* [What is being asked]: Your reply should reproduce the data below without a single alteration, apart from dropping the images.

* [Input data]:
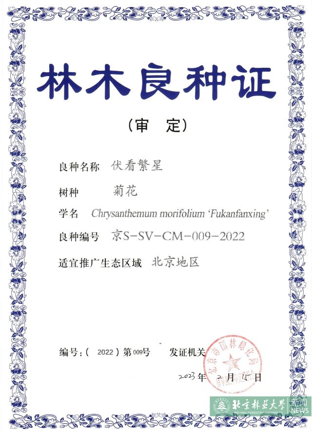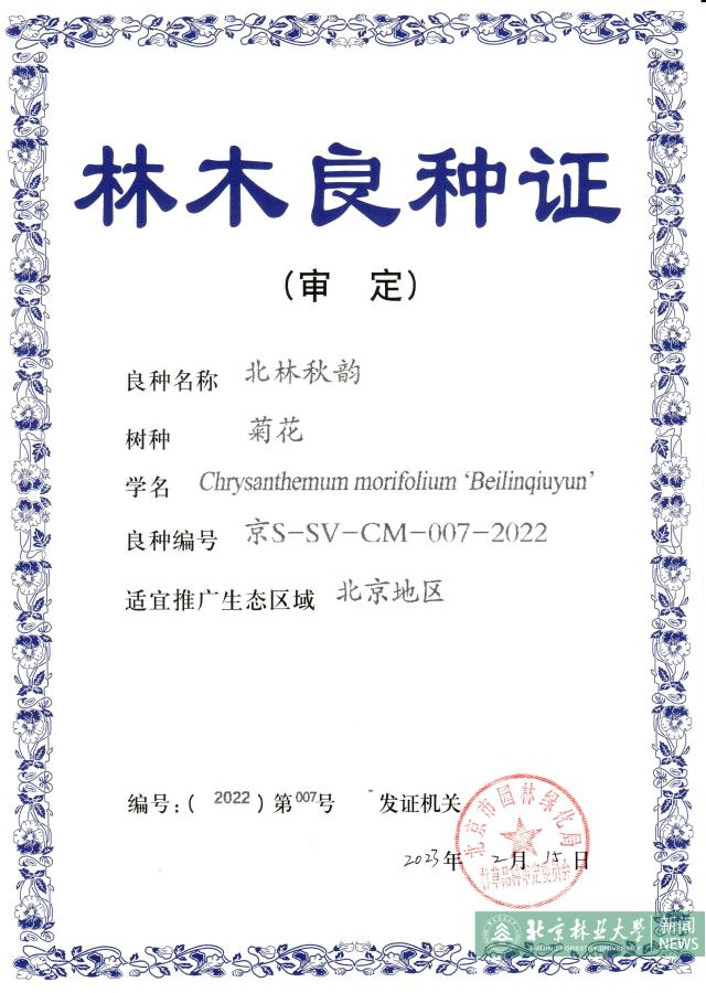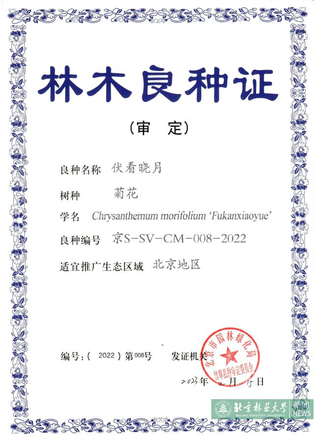 Recently, four new varieties of low creeping and plant-type compact chrysanthemum cultivated by the chrysanthemum breeding team of Professor Zhang Qixiang from the National Engineering Research Center for Floriculture of Beijing Forestry University obtained Certificate for improved varieties of forest tree in Beijng after the examination and approval of improved varieties in Beijing by official Committee.
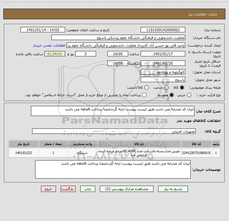 نام دستگاه خریدار:معاونت دانشجویی و فرهنگی دانشگاه علوم پزشکی یاسوج
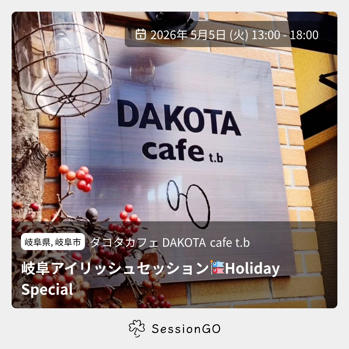 岐阜県, 岐阜市ダコタカフェ DAKOTA cafe t.b岐阜アイリッシュセッション🎏Holiday Special2026年5月5日(火)4:00 - 9:00岐阜県岐阜市清住町1丁目 6−2 2階主催者:すて (ButtonAccordion/Fiddle)🔰 初心者歓迎岐阜駅近くのカフェ DAKOTA cafe t.b にて、定期開催しているアイリッシュセッションです。 5月は、祝日にあたりましたので、いつもは夜スタートなところを、この日は昼過ぎから始めます。 普段は遠くて来れない方もこの機会にぜひご参加くださいませ! ご参加いただける方は、人気把握のため、事前にご一報いただけると助かります。 詳細は、追って更新します☘️ 詳しくはこちら 👉 https://gifuirish.jimdosite.comイベント内容をコピーして新規投稿※閉店・移転などにより、正常に表示されない場合があります
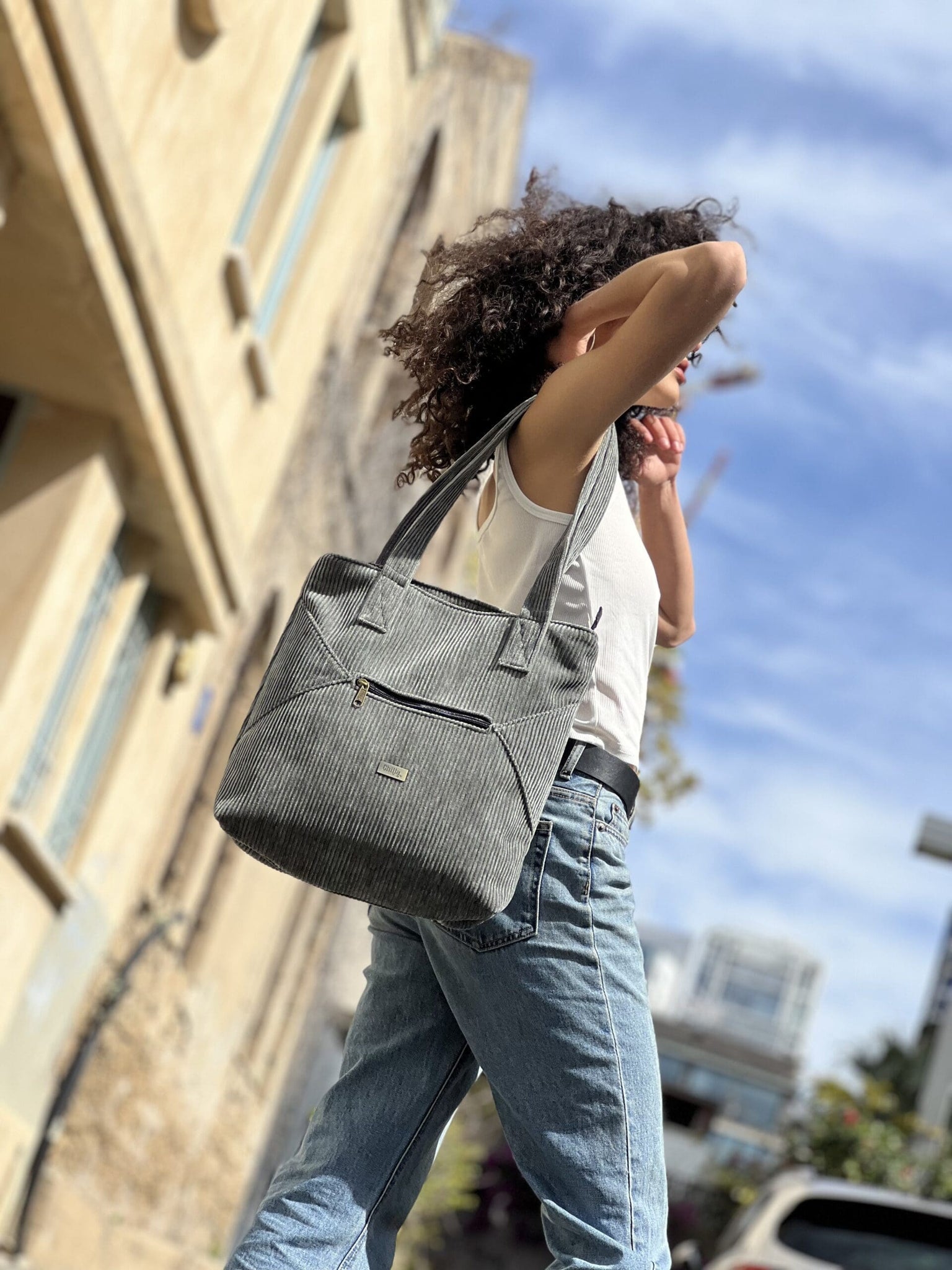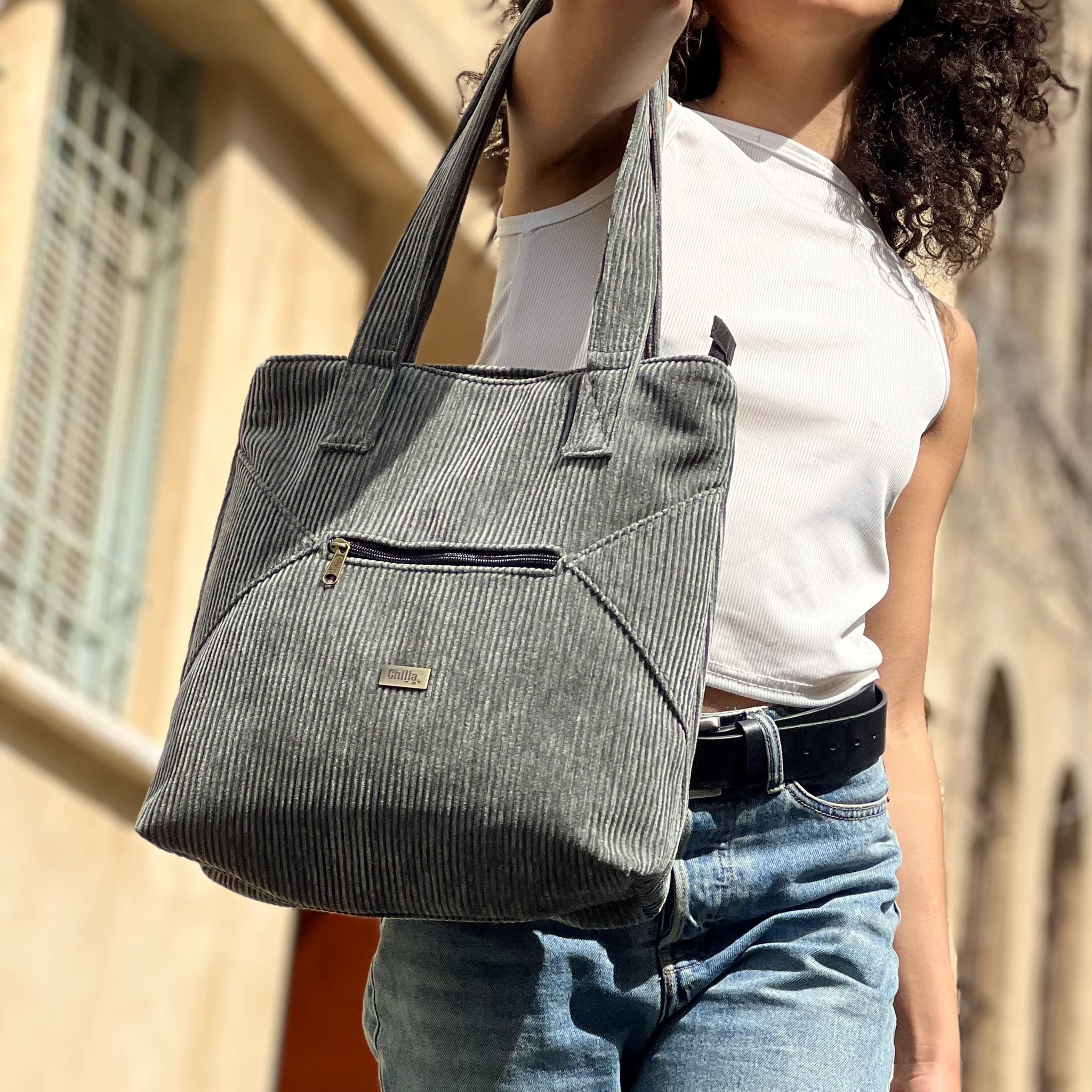 Green Gray Corduroy Tommy Shoulder Bag

* [Expected answer]:
 Recently, four new varieties of low creeping and plant-type compact chrysanthemum cultivated by the chrysanthemum breeding team of Professor Zhang Qixiang from the National Engineering Research Center for Floriculture of Beijing Forestry University obtained Certificate for improved varieties of forest tree in Beijng after the examination and approval of improved varieties in Beijing by official Committee.
 نام دستگاه خریدار:معاونت دانشجویی و فرهنگی دانشگاه علوم پزشکی یاسوج
 岐阜県, 岐阜市ダコタカフェ DAKOTA cafe t.b岐阜アイリッシュセッション🎏Holiday Special2026年5月5日(火)4:00 - 9:00岐阜県岐阜市清住町1丁目 6−2 2階主催者:すて (ButtonAccordion/Fiddle)🔰 初心者歓迎岐阜駅近くのカフェ DAKOTA cafe t.b にて、定期開催しているアイリッシュセッションです。 5月は、祝日にあたりましたので、いつもは夜スタートなところを、この日は昼過ぎから始めます。 普段は遠くて来れない方もこの機会にぜひご参加くださいませ! ご参加いただける方は、人気把握のため、事前にご一報いただけると助かります。 詳細は、追って更新します☘️ 詳しくはこちら 👉 https://gifuirish.jimdosite.comイベント内容をコピーして新規投稿※閉店・移転などにより、正常に表示されない場合があります
 Green Gray Corduroy Tommy Shoulder Bag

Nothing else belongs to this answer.